Article

Growing Green Onions (Without a Garden)

Sure, you say. I’d like to have a garden, but I don't have a yard, I only have a window ledge, and my thumb is anything but green. How can I grow vegetables?

Let me introduce you to the most determined vegetable of them all, the onion. Onions are members of the allium family which means they have a bulb, a handy little storage chamber at the base of the stem and it’s the secret to the onion’s invincibility. These plants have a life wish!

Think of all those onions that sprouted in the fridge or on the counter--they drew on their reserves to grow new leaves, and that pointy  green sprout, as we know from eating scallions, is just as delicious as the bulb, and a lot easier to grow.

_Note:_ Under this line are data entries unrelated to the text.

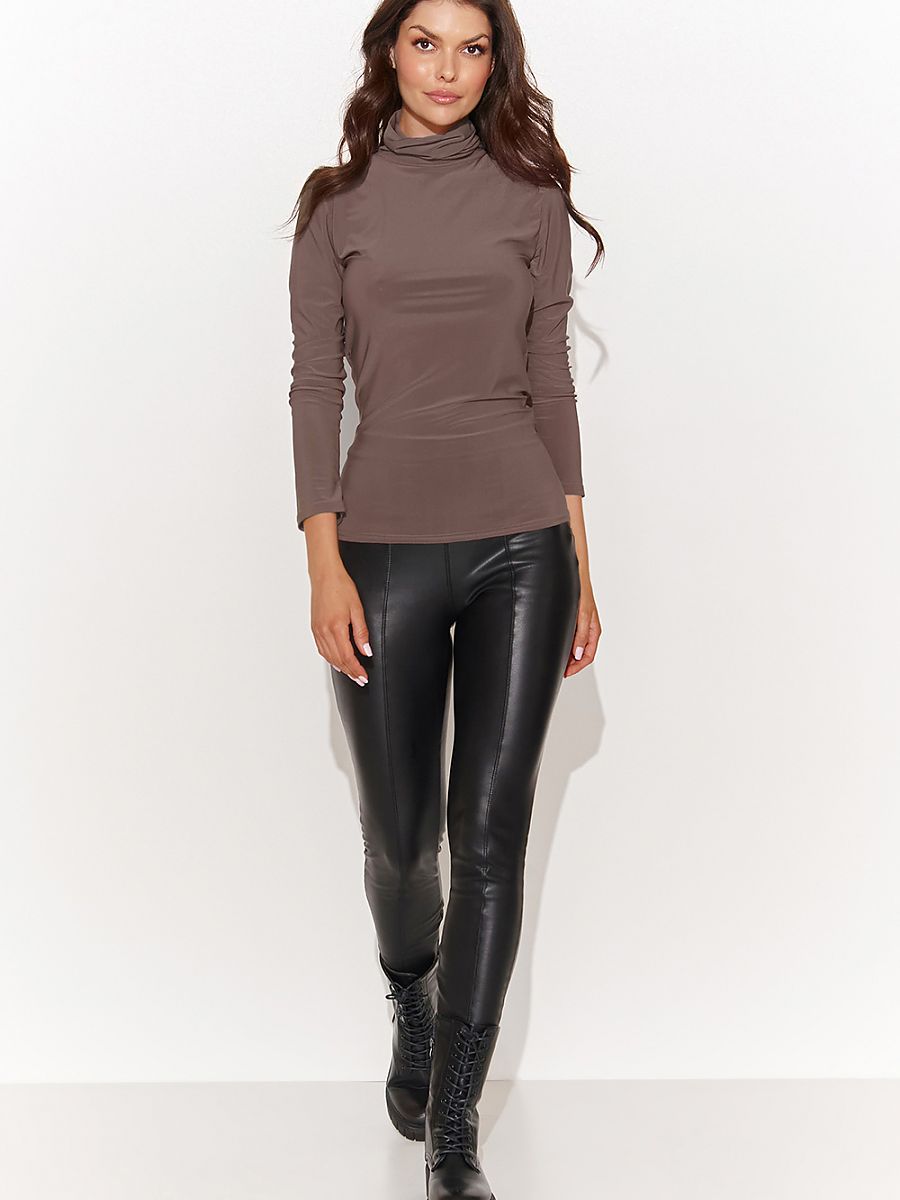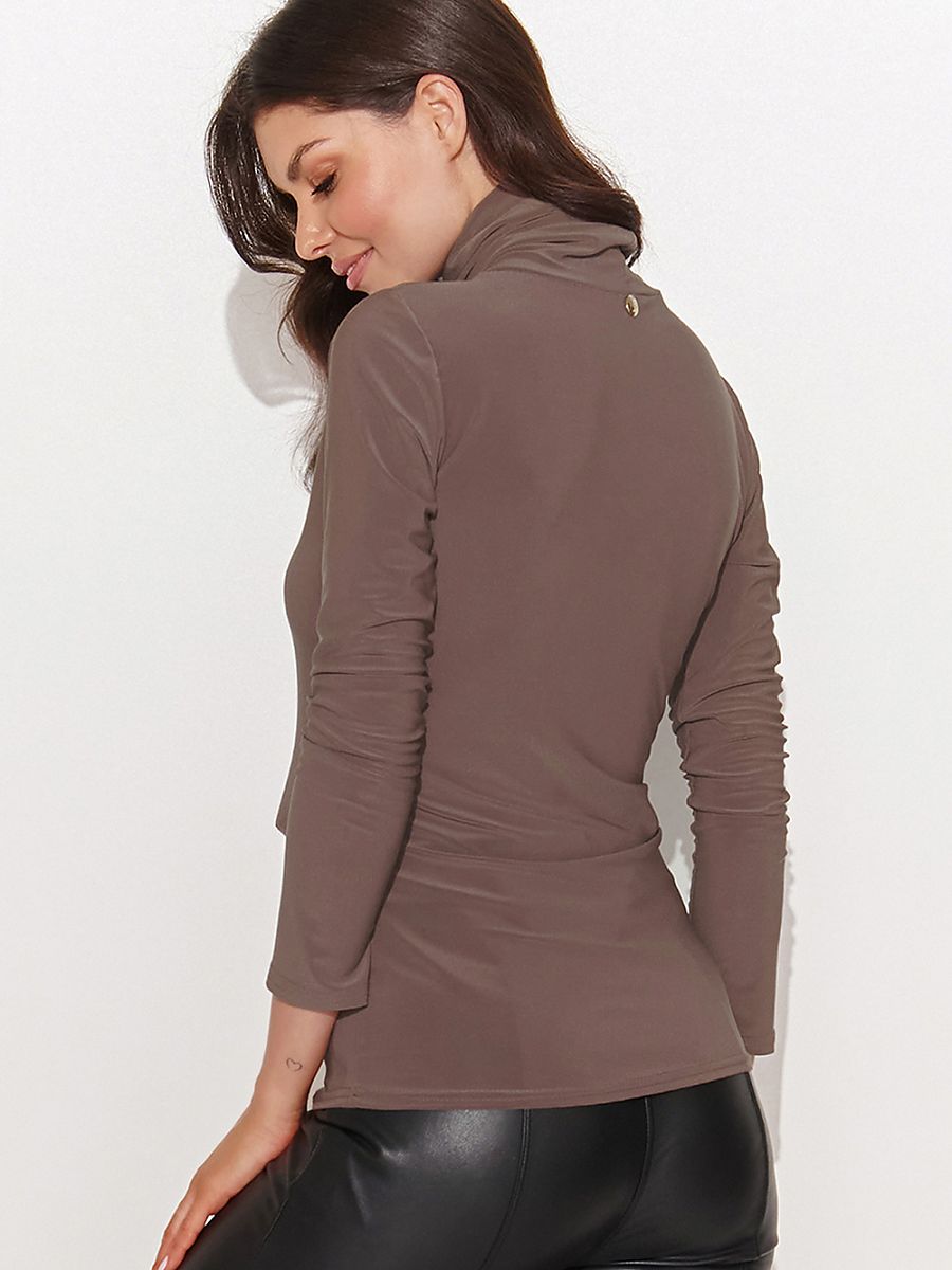 Functional women’s blouse made of stretchy, opaque fabric is a classic among blouses. The neckline in the form of a practical turtleneck, combined with long sleeves, will wrap you up on colder days. While the gold-plated tinsel in the upper part of the back, adds to its subtle elegance. Thanks to its simple form, it perfectly finds its way into casual styling, which you can wear both to the office and out on the town. The women’s turtleneck goes perfectly with both tailored pants and mom fit pants. This blouse is a combination of functionality and elegance in effect giving you a successful recipe for a look.
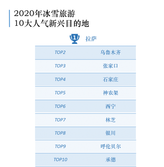 除了传统的冰雪旅游目的地,2020年冰雪旅游人气新兴目的地排名前十的分别是拉萨、乌鲁木齐、张家口、石家庄、神农架、西宁、林芝、银川、呼伦贝尔和承德。
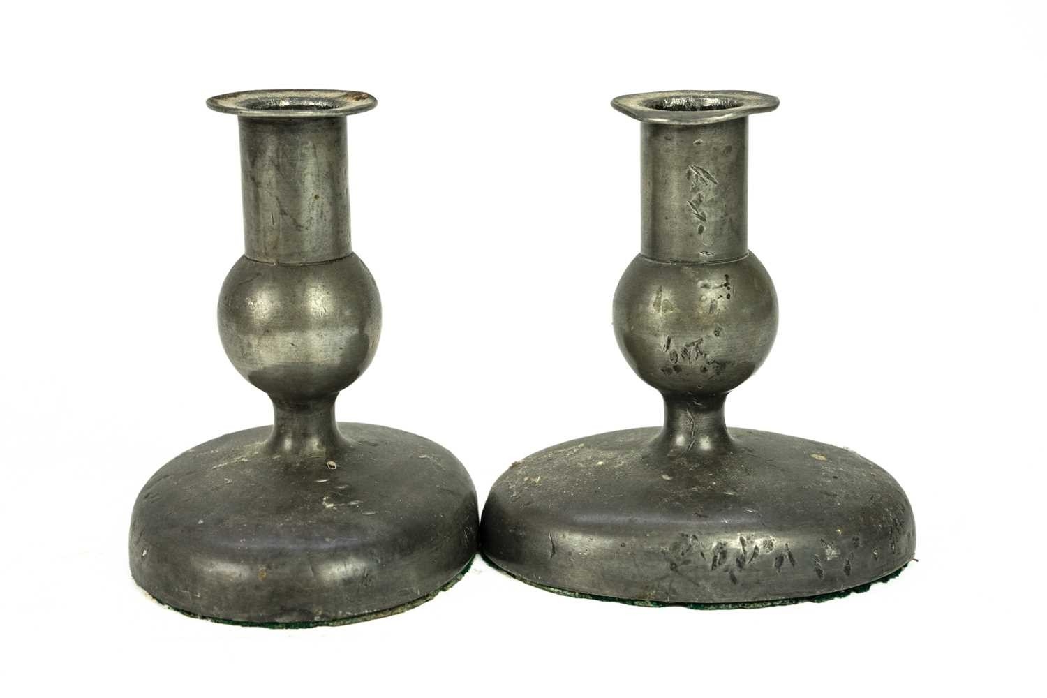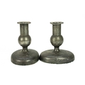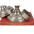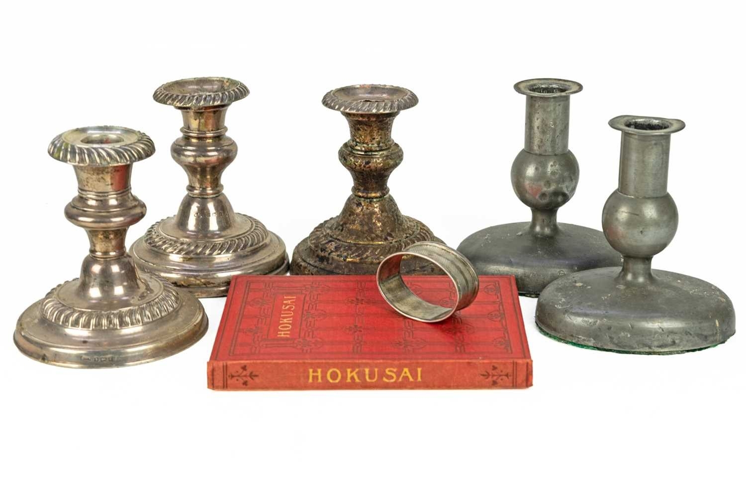 Three loaded silver piano candlesticks. Mixed dates and makers, height 11cm, together with a silver napkin ring, a pair of pewter candlesticks and a book.

Onions are a wonderful mix of green vegetable and condiment. A sprinkling of chopped green onion boosts flavor, presentation and nutrition of everything from mashed potatoes to enchiladas and pad Thai. Fresh green onions provide vitamins A and C, iron, calcium and fiber.

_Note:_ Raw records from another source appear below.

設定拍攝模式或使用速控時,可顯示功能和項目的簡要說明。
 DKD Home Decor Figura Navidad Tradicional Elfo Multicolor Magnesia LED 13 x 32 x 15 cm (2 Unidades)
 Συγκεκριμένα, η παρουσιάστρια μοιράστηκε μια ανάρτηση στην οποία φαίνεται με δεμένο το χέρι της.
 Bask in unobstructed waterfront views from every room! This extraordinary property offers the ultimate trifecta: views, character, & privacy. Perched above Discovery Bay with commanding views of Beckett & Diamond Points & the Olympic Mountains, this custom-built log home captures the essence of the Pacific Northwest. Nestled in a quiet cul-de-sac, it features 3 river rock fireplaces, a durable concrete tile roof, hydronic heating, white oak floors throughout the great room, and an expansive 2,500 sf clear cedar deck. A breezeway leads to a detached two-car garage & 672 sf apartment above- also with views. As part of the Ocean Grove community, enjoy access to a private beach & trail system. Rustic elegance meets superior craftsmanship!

So what do you need to get started growing these gems?

  • A pot at least 6 inches deep and as wide as your space allows
  • Good quality potting soil
  • A bunch of young green onions or a bag of pearl onions from your local food store

Selecting Your Onions: Two Options for Onion Greens

Green Onions

Young green onions are sometimes called scallions, spring or salad onions, and can be found with the lettuces in the produce section. They are whole young plants grown from seed and harvested just as their bulbs and leaves become juicy. Unlike the larger onions over there by the potatoes these have not been allowed to mature and dry out; they’re teenage onions. Their fat little white roots should still be attached. The longer and more intact these roots are the faster the onions will grow again. Before you plant them, cut off and use their long green tops---trimming their tops is important to encourage new growth. Just be sure not to cut down into the white bulb itself.

Pearl Onions

Pearl onions, also called boiler onions, are a bit of a gourmet item. These miniature dried onions are just an inch or two in diameter and are often used for creamed onions or for roasting with meat or new potatoes. They may be white, yellow or even red. They usually come packed twenty or so in a nifty little mesh bag, but you might also find them in bulk at a farmers’ market. These will take a little longer than green onions to get started as they have to grow new roots. But because their bulb is larger they have the potential to make a healthy show of greenery to harvest and enjoy. Their tops are pointed and their roots are a brushy dried stubble.

Planting

To plant your onions, fill the pot half full with moist soil. Then arrange the onion plants or bulbs two inches apart with the root side down. Gently but firmly pack more soil around them until the trimmed top of the green onion is just peeking out or the bulbs are completely covered. Water well and add more soil if it settles and exposes the bulbs. Place in a sunny window (onions need about six to seven hours of light per day) or under a grow light, and be patient.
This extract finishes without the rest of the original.